2023-Déc | L’affaire Rached Jaïdane, un nouveau tournant dans une longue quête de justice



Cela fait maintenant 30 ans que la vie de Rached Jaïdane a basculé. En 1993, alors qu’il travaille comme enseignant à l’université en France, Rached Jaïdane se rend en Tunisie pour assister au mariage de sa sœur. Ce qui doit être un évènement heureux se transforme en cauchemar lorsque le 29 juillet, des agents de la Sûreté de l’Etat l’interpellent à son domicile, sans mandat. S’ensuivent 38 jours de détention au secret et de torture au ministère de l’Intérieur, sous la supervision directe de hauts responsables du régime sécuritaire de Ben Ali. Rached Jaïdane est interrogé sur ses liens présumés avec un responsable du parti islamiste Ennahda vivant en exil en France. Il finit par signer des aveux sans même les lire. Il est ensuite jugé en 45 minutes et condamné à 26 ans d’emprisonnement. Il n’en sortira qu’après 13 années de tortures et mauvais traitements.

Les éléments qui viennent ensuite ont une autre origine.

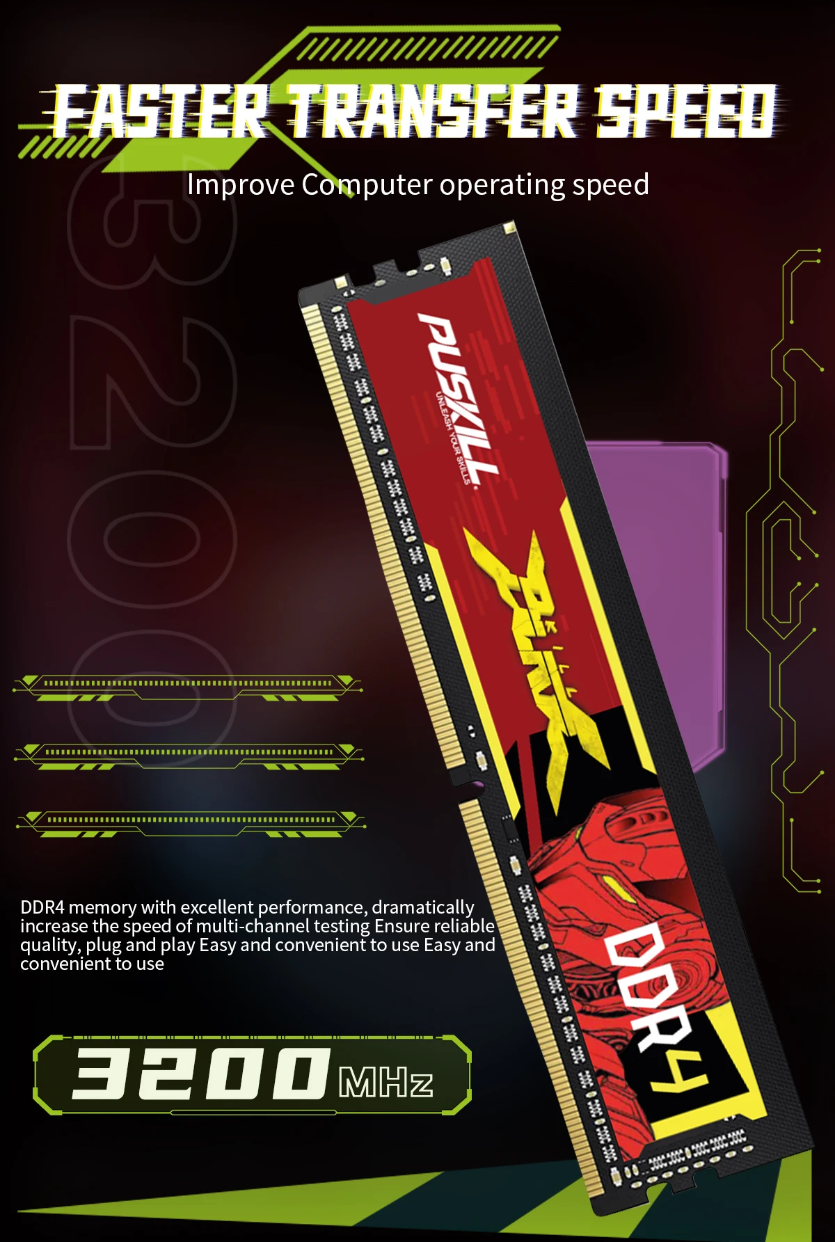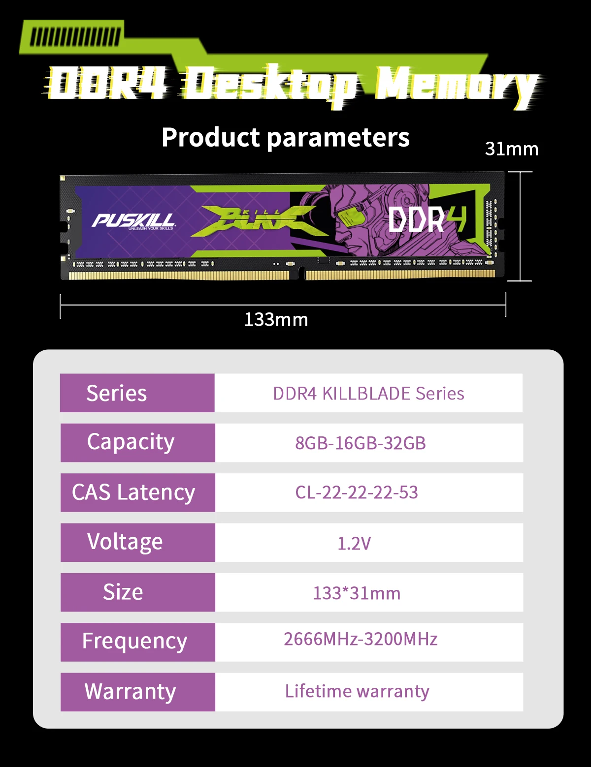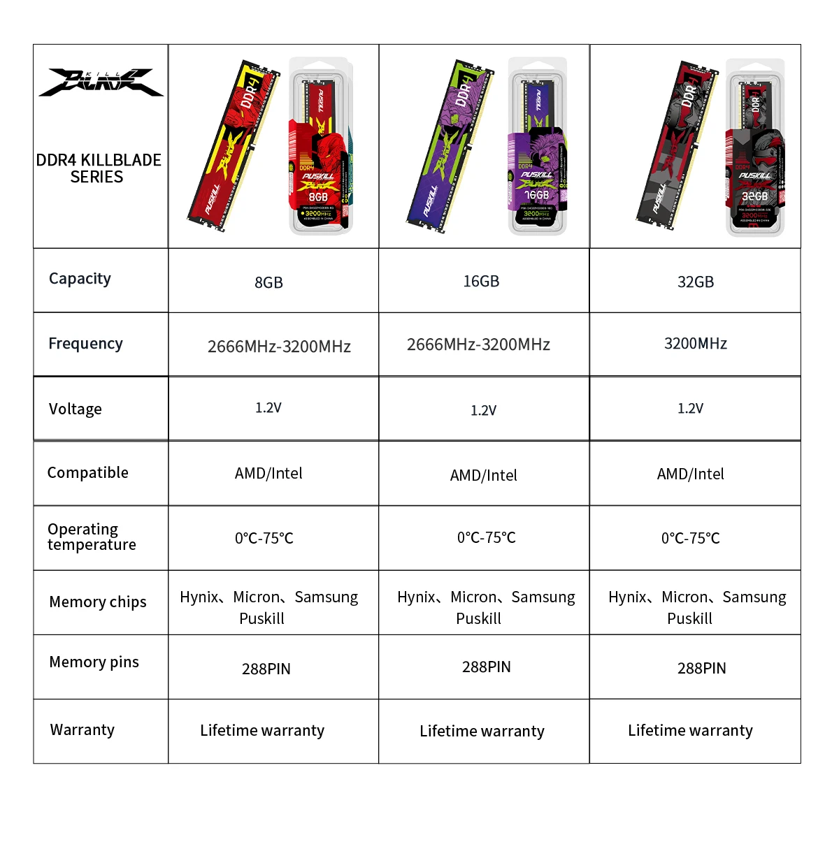 • Product: Puskill Killblade Desktop Memory 16/8gb Ddr4 3200/2666mhz Cl22/Cl19

« J’ai le souffle pour aller jusqu’au bout »

Rached Jaïdane continue de souffrir des nombreuses séquelles physiques et psychologiques résultant des violations qu’il a subies. Malgré le traumatisme, il fait preuve d’une résilience exemplaire et témoigne d’une volonté inextinguible d’obtenir justice pour lui, pour sa famille, pour le peuple tunisien.

A l’époque où Rached Jaïdane subissait tortures et mauvais traitements, il était illusoire d’imaginer obtenir une quelconque forme de justice contre un système sécuritaire parfaitement protégé. Ce n’est qu’aux lendemains de la révolution qu’il peut enfin porter plainte. Devant la justice pénale régulière d’abord. Sans succès, car en 2015, après une enquête judiciaire prometteuse, il se voit opposer la prescription des faits. Le tribunal relève en effet que la torture n’était pas criminalisée dans le code pénal dans les années 1990, malgré la ratification par l’État tunisien de la Convention contre la torture en 1988, à travers laquelle il s’est engagé à criminaliser la torture. En raison de ce manquement de la Tunisie à un engagement international, les sévices indescriptibles que Rached Jaïdane a subis sont qualifiés de simple délit de violence, passible d’un maximum de cinq ans d’emprisonnement.

Les tortionnaires repartent libres…

Rached Jaïdane saisi alors le Comité contre la torture des Nations unies qui, en 2017, condamne la Tunisie pour les sévices qui lui ont été infligés et accuse l’Etat d’avoir violé la Convention contre la torture en laissant ces faits impunis. Le Comité ordonne à l’État de rendre justice à Rached Jaïdane. Cette décision est contraignante et le Comité s’informe régulièrement de sa mise en œuvre.

En parallèle de cette procédure internationale, Rached Jaïdane se tourne vers la justice transitionnelle. Son dossier est un de ceux que l’Instance Vérité et Dignité a renvoyés pour jugement devant la chambre spécialisée de Tunis. Le procès s’ouvre en octobre 2018. Cinq ans et 22 audiences plus tard, la chambre n’a toujours pas rendu de verdict, bien que l’affaire soit prête à être plaidée.

Quand on lui demande si, face aux obstacles auxquels il est confronté, il est tenté de baisser les bras, Rached Jaïdane répond invariablement : « J’ai le souffle pour aller jusqu’au bout ; je le fais pour la jeunesse tunisienne ».

« La torture est une responsabilité de l’État avant tout »

Face aux atermoiements de la justice pénale, Rached Jaïdane se tourne à présent vers la justice administrative. Avec le soutien de son avocate, Me Faten Abassi, mandatée par SANAD Elhaq, il vient de déposer deux requêtes mettant en cause la responsabilité de l’État tunisien : l’une pour les tortures, mauvais traitements et détention arbitraire subies de son arrestation en août 1993 à sa libération, 13 ans plus tard ; l’autre pour le déni de justice qu’il subit depuis lors, malgré tous ses efforts pour obtenir la condamnation de ses agresseurs et une réparation pour ce qu’il a enduré.

« La torture est une responsabilité de l’État avant tout », rappelle Me Abassi. « Il est du devoir de l’État de protéger toute personne de la torture exercée par ses agents en vertu de leurs prérogatives. La condamnation pénale des tortionnaires est cruciale mais la responsabilisation de l’État l’est tout autant s’il fait preuve d’inertie et de défaillances. Il n’y a qu’en tenant l’État tunisien responsable pour les graves violations exercées par ses agents, que les autorités vont prendre conscience de la nécessité urgente d’éradiquer le phénomène tortionnaire ».